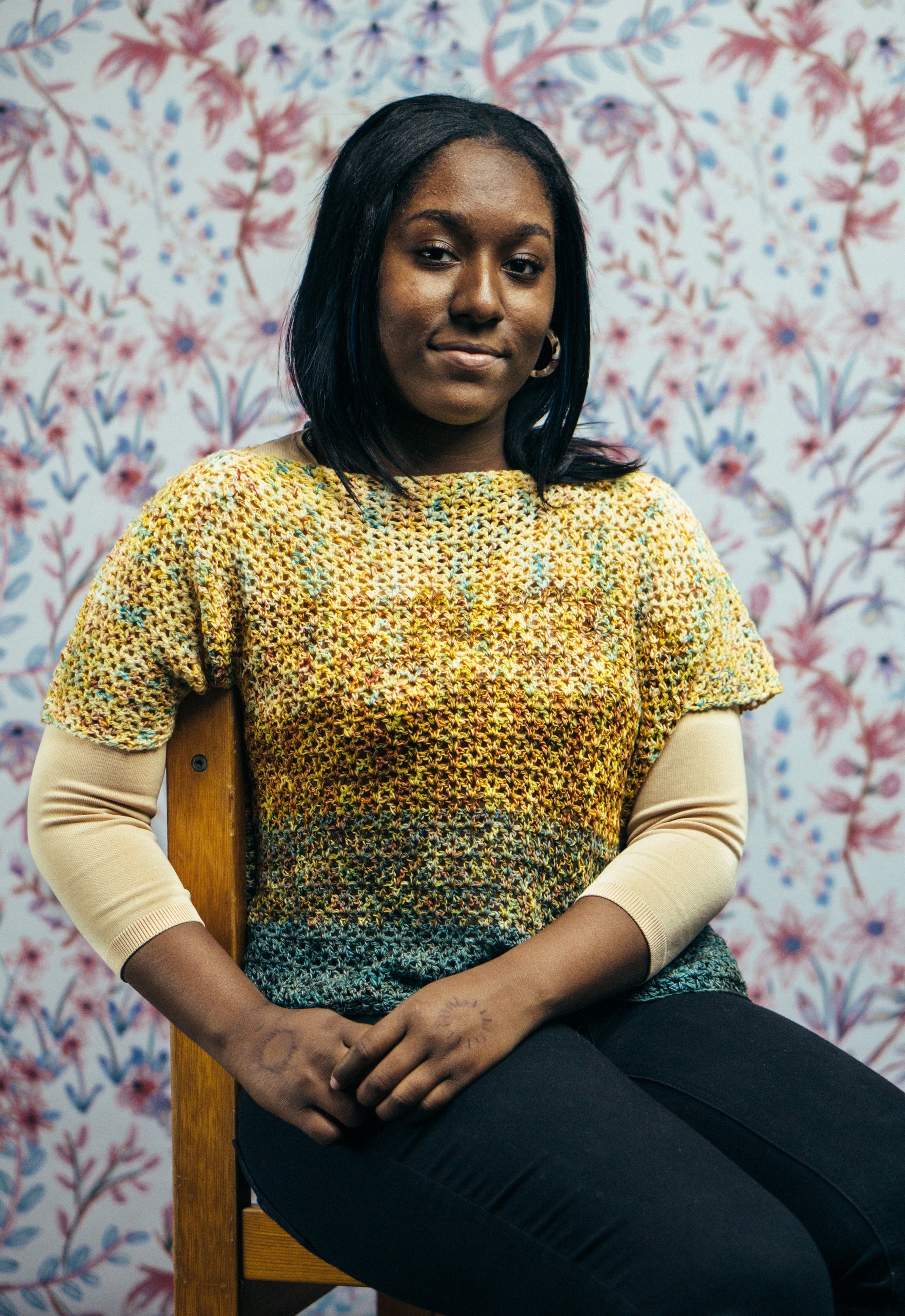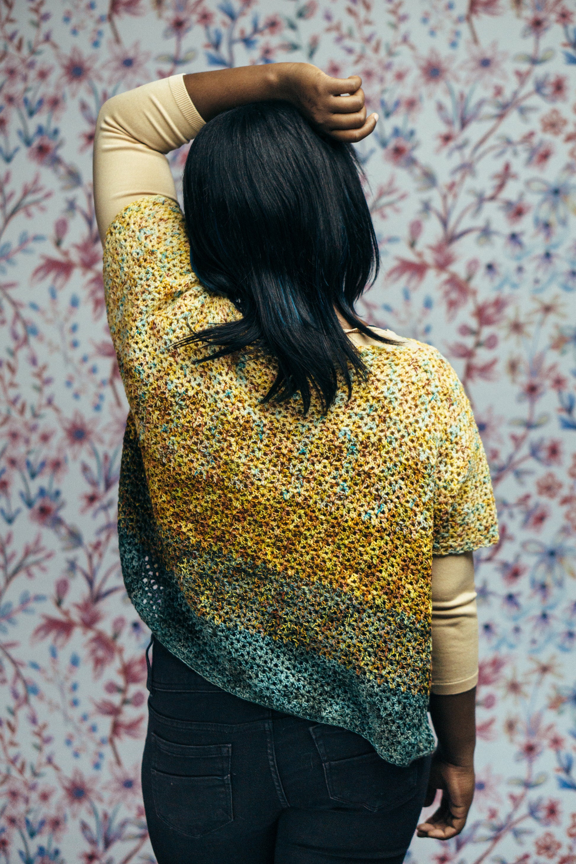 This crocheted poncho is all about the fabric. Two strands of Marina held together in an easy mesh stitch produce an airy garment with excellent drape; they also allow a subtle fade from one color to another. Choose 3 colorways that have a hue in common, or go bolder with 3 totally independent shades. We chose the Harvest Moon kit, one of 5 Gradiente Kits to choose from!
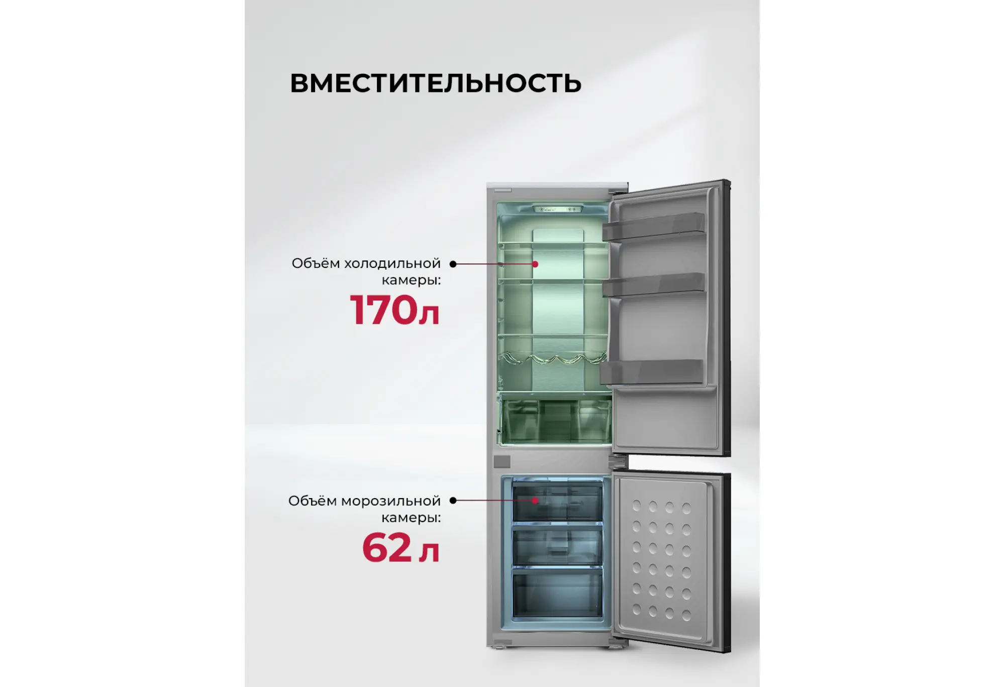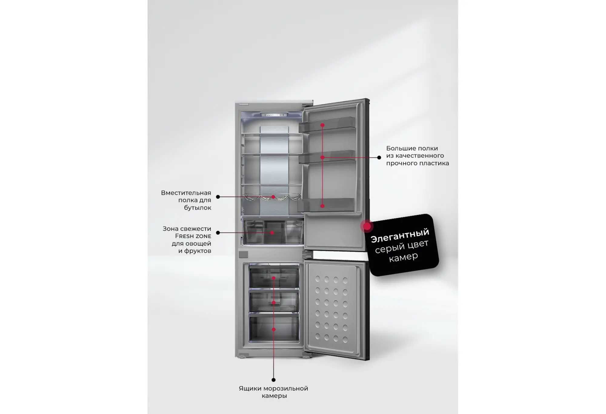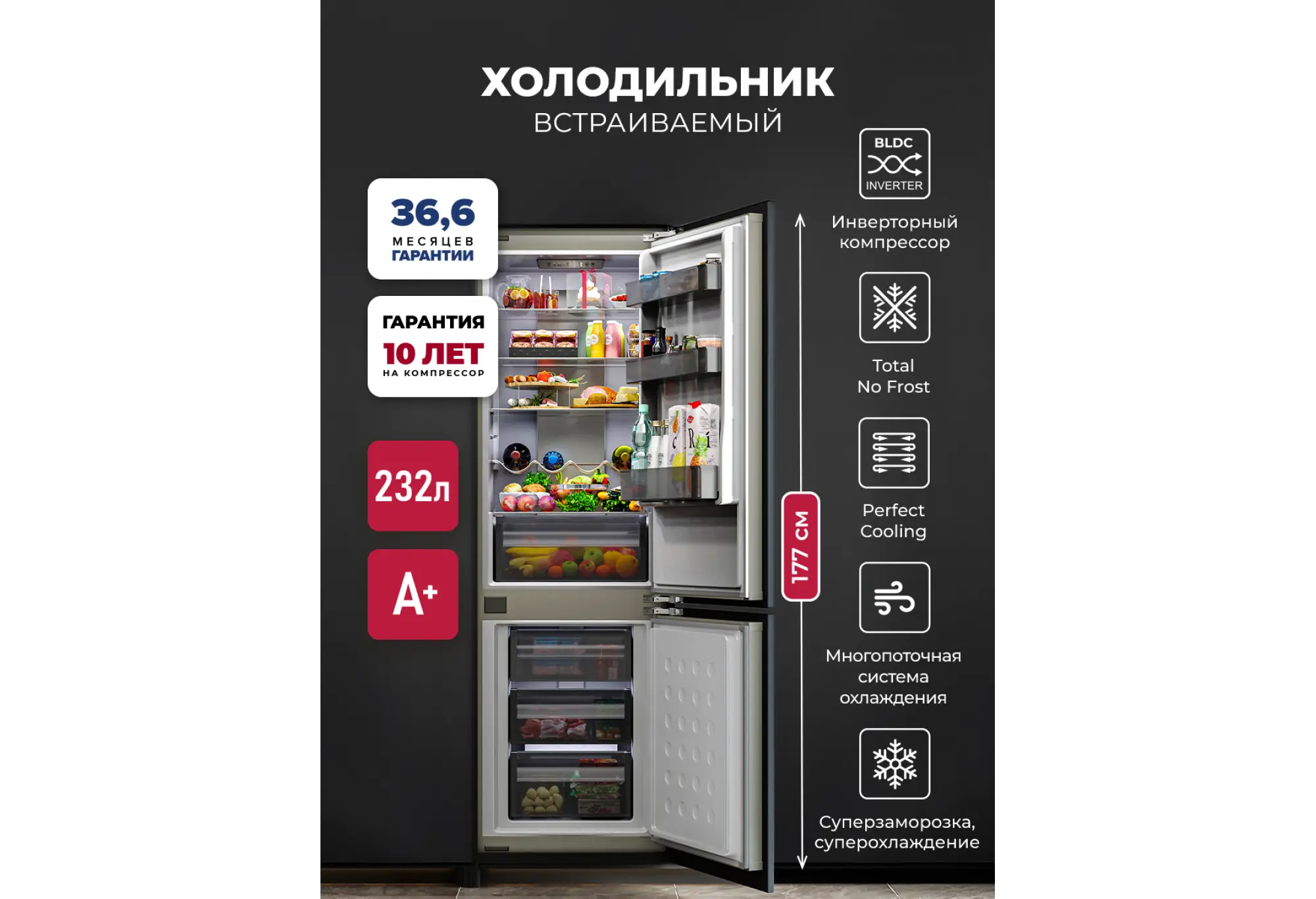 Встраиваемый двухкамерный холодильник LEX LBI177.3ID имеет хороший функционал и в то же время очень прост в эксплуатации. Внутренняя отделка холодильника и морзильника выполнена в серых тонах. Технология Total No Frost значительно упрощает обслуживание и помогает устанавливать оптимальную температуру и влажность. При большом объеме, мощной заморозке и яркой подсветке эта модель высотой 177 см обладает прекрасной энергоэффективностью и низким уровнем шума. Электронная панель управления удобна и долговечна, а режим сохранения температуры выручит при отключении электричества. Для вашего комфорта дверцу холодильника можно закрепить справа или слева; а функция “сигнал при открытой дверце” позаботится о том, чтобы она всегда была герметично закрыта. Модель оснащена ящиком, в котором можно отдельно настраивать уровень влажности, создавая идеальные условия для хранения разных видов овощей и фруктов. Холодильник LEX LBI177.3ID оснащен современным инверторным компрессором, который гарантирует эффективную и практически бесшумную работу. Он также обеспечивает низкий расход энергии и долго поддерживает температуру без электропитания.
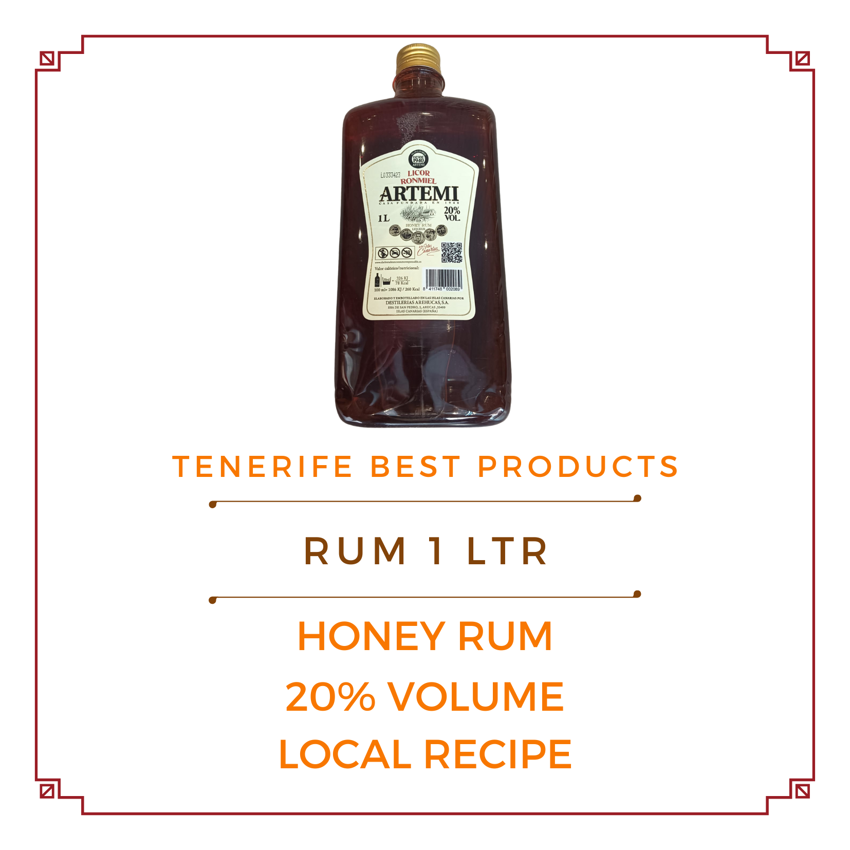 Licor típico canario, obtenido de la perfecta combinación del ron canario con la miel de abeja. El Ronmiel Artemi es un licor de color caoba intenso con un aroma muy marcado a cítricos y a miel, en boca percibimos lo que intuíamos visualmente, esa untuosidad ese dulzor, debemos saber que es un licor tradicional que lleva como mínimo un 2% de miel y un contenido en azúcar elevado, en cuanto a su sabor percibimos la miel y la naranja entre otros matices como pueden ser el azahar o incluso algo de caramelo, su paso perdurara en el tiempo.
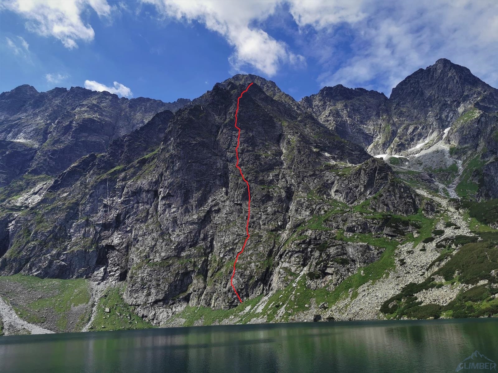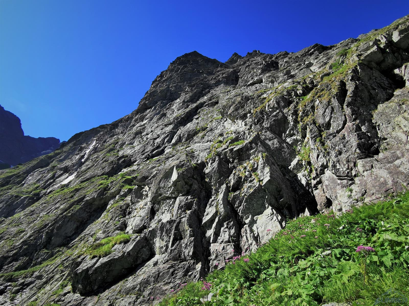 Kilka dni pięknej pogody w Tatrach to ostatnimi czasy rzadkość, a już podczas obozów klubowych sprawa niespotykana. Tym razem było jednak inaczej, dlatego od razu pierwszego dnia udajemy się na Kazalnicę. Centralna ściana jest jeszcze mokra (wrócimy na Małolata dwa dni później - RELACJA), wybieramy więc prowadzące płytami w prawej jej części Schody do Nieba. Droga nie jest co prawda tak efektowna jak te w okolicy Filara, ale z powodu dość skomplikowanego przebiegu, długości (ok. 13 wyciągów + godzina terenem I-III na szczyt), wymagającej miejscami asekuracji oraz solidnego VI+ na kluczowym wyciągu, nie należy jej lekceważyć. Korzystając z niniejszego opisu, zdjęć i stworzonego foto-topo będzie łatwiej, więc jeżeli chcecie zintensyfikować przygodę – nie czytajcie 😉.
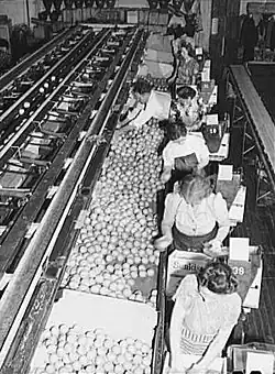In the spring of 1882, Mr. E. J. Waite of Wisconsin planted the first orange grove in the city. For almost 75 years, the city was the center of the largest navel orange-producing region in the world.[42] By the late 1930s, Redlands was a fruit-packing center surrounded by more than 15,000 acres (61 km2) of citrus groves. The city produced more than 4,200 railcars of navel oranges and 1,300 cars of Valencia oranges during the 1937–38 growing season.[43] During the 1930s and 1940s, labor activists campaigned in the canneries and packing houses for union representation and higher wages. The United Cannery, Agricultural, Packing, and Allied Workers of America (UCAPAWA) won 13 National Labor Relations Board representation elections in the Riverside-Redlands area in 1943. In 1945, the first annual Orange Queen Ball at the Redlands City Auditorium was held to raise funds for the union.[44]
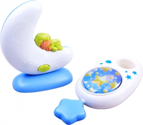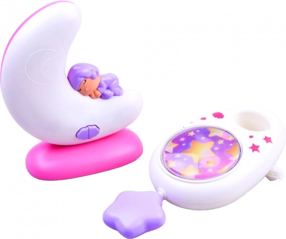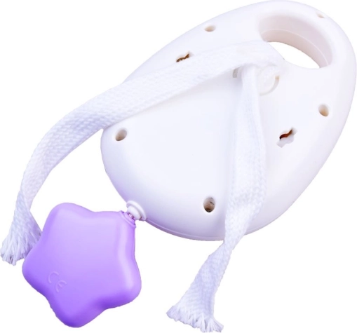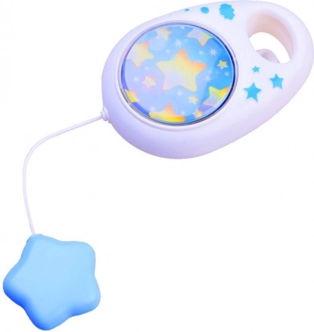 Der medfølger også en mobil spilledåse, som let kan fastgøres på barnevognen, tremmesengen eller autostolen. Træk blot i snoren, og spilledåsen begynder at spille en beroligende melodi, mens de roterende stjerner fanger og beroliger dit barn.
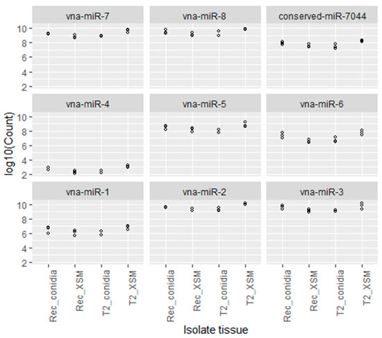 All nine V. nonalfalfae milRNAs were found to be expressed in all the investigated tissues of the two pathotypes; however, the most abundantly expressed milRNAs were vna-miR-2, vna-miR-3, vna-miR-7 and vna-miR-8 because they had the highest milRNA log10 copy numbers (Figure 2). In the highly virulent pathotype T2, the statistically significant (p < 0.001) highest expression of all the milRNAs was detected in mycelia grown in XSM, in which the mean count of the milRNA copy number was approximately two-fold greater than the mean count for conidia (Figure S4). On the other hand, in the less virulent Rec isolate, all the milRNAs were most abundantly expressed in conidia (Figure 2). The comparison of the milRNA copy number between isolates revealed that their mean count is two-fold higher in the mycelia of the T2 isolate than in the Rec isolate, indicating that in the highly virulent pathotype the investigated milRNAs are more abundantly expressed (Figure S4). In the conidia, the milRNAs were more abundantly expressed in the Rec isolate than in the T2 isolate.
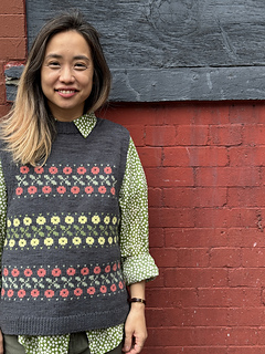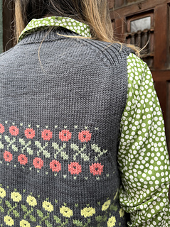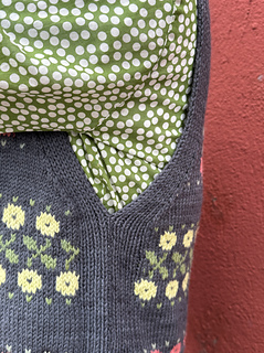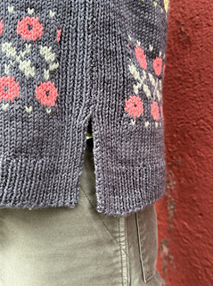 22 sts and 30 rows on size 4.5 mm/ US 7 needles over 4 in/ 10 cm in plain stockinette and colorwork worked flat after blocking.
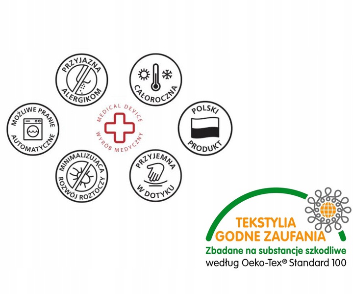 Doskonale spełnia najwyższe wymagania jakościowe i użytkowe. Pranie w wysokich temperaturach eliminuje szkodliwe dla człowieka drobnoustroje.
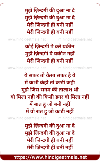 Lyrics of Mujhe Zindagi Ki Dua Na De (Sad)
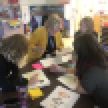 Helmick and other kindergarten teachers routinely huddle with Pistillo to reflect on the lesson and to plan for the next round of writer’s workshops. For example, Pistillo is already thinking about how she can work with the preschool teachers to help next year’s kindergarteners be more prepared.

◇ ◇ ◇

Exercise instructions: Retype all the data exactly, please, without pictures.

Your response:
 This crocheted poncho is all about the fabric. Two strands of Marina held together in an easy mesh stitch produce an airy garment with excellent drape; they also allow a subtle fade from one color to another. Choose 3 colorways that have a hue in common, or go bolder with 3 totally independent shades. We chose the Harvest Moon kit, one of 5 Gradiente Kits to choose from!
 Встраиваемый двухкамерный холодильник LEX LBI177.3ID имеет хороший функционал и в то же время очень прост в эксплуатации. Внутренняя отделка холодильника и морзильника выполнена в серых тонах. Технология Total No Frost значительно упрощает обслуживание и помогает устанавливать оптимальную температуру и влажность. При большом объеме, мощной заморозке и яркой подсветке эта модель высотой 177 см обладает прекрасной энергоэффективностью и низким уровнем шума. Электронная панель управления удобна и долговечна, а режим сохранения температуры выручит при отключении электричества. Для вашего комфорта дверцу холодильника можно закрепить справа или слева; а функция “сигнал при открытой дверце” позаботится о том, чтобы она всегда была герметично закрыта. Модель оснащена ящиком, в котором можно отдельно настраивать уровень влажности, создавая идеальные условия для хранения разных видов овощей и фруктов. Холодильник LEX LBI177.3ID оснащен современным инверторным компрессором, который гарантирует эффективную и практически бесшумную работу. Он также обеспечивает низкий расход энергии и долго поддерживает температуру без электропитания.
 Licor típico canario, obtenido de la perfecta combinación del ron canario con la miel de abeja. El Ronmiel Artemi es un licor de color caoba intenso con un aroma muy marcado a cítricos y a miel, en boca percibimos lo que intuíamos visualmente, esa untuosidad ese dulzor, debemos saber que es un licor tradicional que lleva como mínimo un 2% de miel y un contenido en azúcar elevado, en cuanto a su sabor percibimos la miel y la naranja entre otros matices como pueden ser el azahar o incluso algo de caramelo, su paso perdurara en el tiempo.
 Kilka dni pięknej pogody w Tatrach to ostatnimi czasy rzadkość, a już podczas obozów klubowych sprawa niespotykana. Tym razem było jednak inaczej, dlatego od razu pierwszego dnia udajemy się na Kazalnicę. Centralna ściana jest jeszcze mokra (wrócimy na Małolata dwa dni później - RELACJA), wybieramy więc prowadzące płytami w prawej jej części Schody do Nieba. Droga nie jest co prawda tak efektowna jak te w okolicy Filara, ale z powodu dość skomplikowanego przebiegu, długości (ok. 13 wyciągów + godzina terenem I-III na szczyt), wymagającej miejscami asekuracji oraz solidnego VI+ na kluczowym wyciągu, nie należy jej lekceważyć. Korzystając z niniejszego opisu, zdjęć i stworzonego foto-topo będzie łatwiej, więc jeżeli chcecie zintensyfikować przygodę – nie czytajcie 😉.
In the spring of 1882, Mr. E. J. Waite of Wisconsin planted the first orange grove in the city. For almost 75 years, the city was the center of the largest navel orange-producing region in the world.[42] By the late 1930s, Redlands was a fruit-packing center surrounded by more than 15,000 acres (61 km2) of citrus groves. The city produced more than 4,200 railcars of navel oranges and 1,300 cars of Valencia oranges during the 1937–38 growing season.[43] During the 1930s and 1940s, labor activists campaigned in the canneries and packing houses for union representation and higher wages. The United Cannery, Agricultural, Packing, and Allied Workers of America (UCAPAWA) won 13 National Labor Relations Board representation elections in the Riverside-Redlands area in 1943. In 1945, the first annual Orange Queen Ball at the Redlands City Auditorium was held to raise funds for the union.[44]
 Der medfølger også en mobil spilledåse, som let kan fastgøres på barnevognen, tremmesengen eller autostolen. Træk blot i snoren, og spilledåsen begynder at spille en beroligende melodi, mens de roterende stjerner fanger og beroliger dit barn.
 All nine V. nonalfalfae milRNAs were found to be expressed in all the investigated tissues of the two pathotypes; however, the most abundantly expressed milRNAs were vna-miR-2, vna-miR-3, vna-miR-7 and vna-miR-8 because they had the highest milRNA log10 copy numbers (Figure 2). In the highly virulent pathotype T2, the statistically significant (p < 0.001) highest expression of all the milRNAs was detected in mycelia grown in XSM, in which the mean count of the milRNA copy number was approximately two-fold greater than the mean count for conidia (Figure S4). On the other hand, in the less virulent Rec isolate, all the milRNAs were most abundantly expressed in conidia (Figure 2). The comparison of the milRNA copy number between isolates revealed that their mean count is two-fold higher in the mycelia of the T2 isolate than in the Rec isolate, indicating that in the highly virulent pathotype the investigated milRNAs are more abundantly expressed (Figure S4). In the conidia, the milRNAs were more abundantly expressed in the Rec isolate than in the T2 isolate.
 22 sts and 30 rows on size 4.5 mm/ US 7 needles over 4 in/ 10 cm in plain stockinette and colorwork worked flat after blocking.
 Doskonale spełnia najwyższe wymagania jakościowe i użytkowe. Pranie w wysokich temperaturach eliminuje szkodliwe dla człowieka drobnoustroje.
 Lyrics of Mujhe Zindagi Ki Dua Na De (Sad)
 Helmick and other kindergarten teachers routinely huddle with Pistillo to reflect on the lesson and to plan for the next round of writer’s workshops. For example, Pistillo is already thinking about how she can work with the preschool teachers to help next year’s kindergarteners be more prepared.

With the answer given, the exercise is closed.